When people think of improv, they go “That’s absolutely terrifying. How do you do that? You must be so nervous!”, and the answer is, I’m not, actually. I’m more nervous for a phone call with a client I’ve not met before than I am going on stage to improvise a comedy show. There are a few reasons for that. One is that I’ve practised. There’s no getting away from it: the more we do something, the more comfortable we are. That’s one part of it. The other part is, I know my teammates on stage have my back. Before shows we literally look each other in the eyes, touch each other on the back and say “I’ve got your back.” So, there’s support there. And the final thing is that I have a method, and so my focus can be on executing the process, rather than on the outcome. So I’m not worrying about whether the audience likes me, instead I’m thinking about my process: listening really well, calling out anything that’s unclear, and coming on with energy.

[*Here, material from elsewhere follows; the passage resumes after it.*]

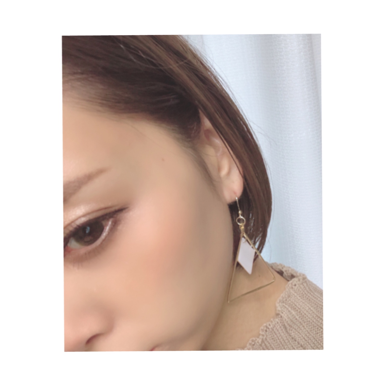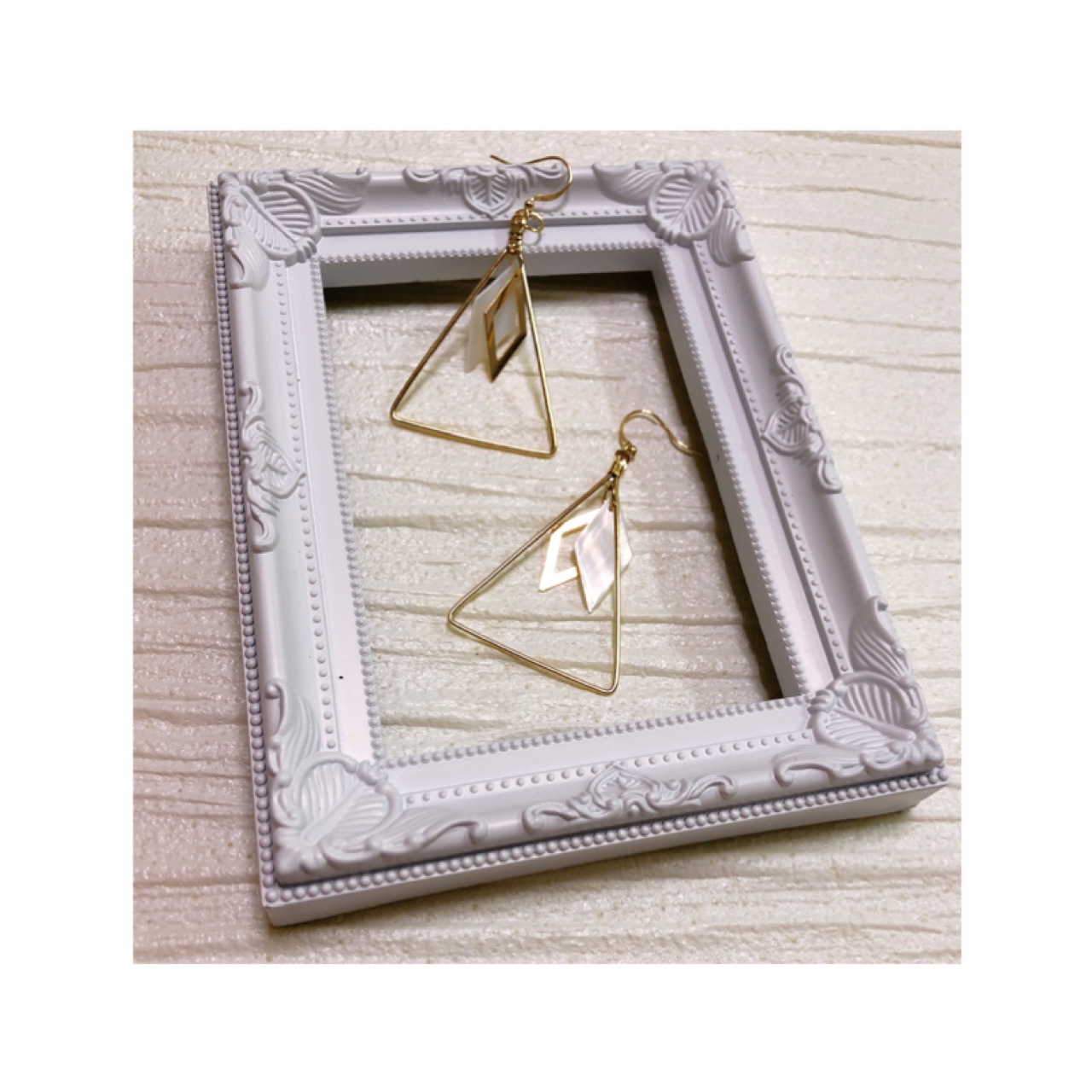 ゴールドの三角ベースに三角のホワイトとゴールドのユラユラ揺れる、可愛いピアスです。

This same idea of focusing on the process can be mapped across to whatever we do in life. I’m a massive cricket fan, we’ve got the Indian test team over here at the moment, and a lot of what the coaches talk about is executing the skill, rather than worrying what’s going to happen if you get a nought. Really, the reason people get nervous about public speaking is we get lost in the outcome. We worry about what the audience are thinking, we think about the consequences of this for our career, and we lose sight of the process. If you can focus solely on the process it can really help you to control your nerves.
4 Key Takeaways
- Improv Enhances Essential Soft Skills: Improvisation can significantly boost creativity, listening, mental agility, spontaneity, and collaboration. These skills are invaluable not only on stage but also in everyday life and work environments.
- Improv Teaches Mental Agility: Improv teaches the importance of adaptability and dealing with change effectively. By practising improvisation, individuals learn to notice changes, let go of existing plans, and make new decisions quickly—skills that are crucial for both agility and innovation in the world of business.
- Improv Encourages Attentive Listening & Collaboration: True listening in improv involves being willing to be changed by what others say. This deep level of attentive listening enhances collaboration, fosters stronger connections, and leads to more effective brainstorming and problem-solving in the workplace.
- Improv Fosters More Positive & Creative Environments : The key improv principle of “Yes, and…” encourages acceptance of others’ ideas, fostering a positive and creative environment. This mindset is particularly useful in brainstorming sessions, helping teams generate a wealth of ideas and enhancing the overall creativity and productivity of the group.
Max Dickins is the Company Director and co-founder of Hoopla Business. His book, Improvise! Use the Secrets of Improv to Achieve Extraordinary Results at Work, is out now.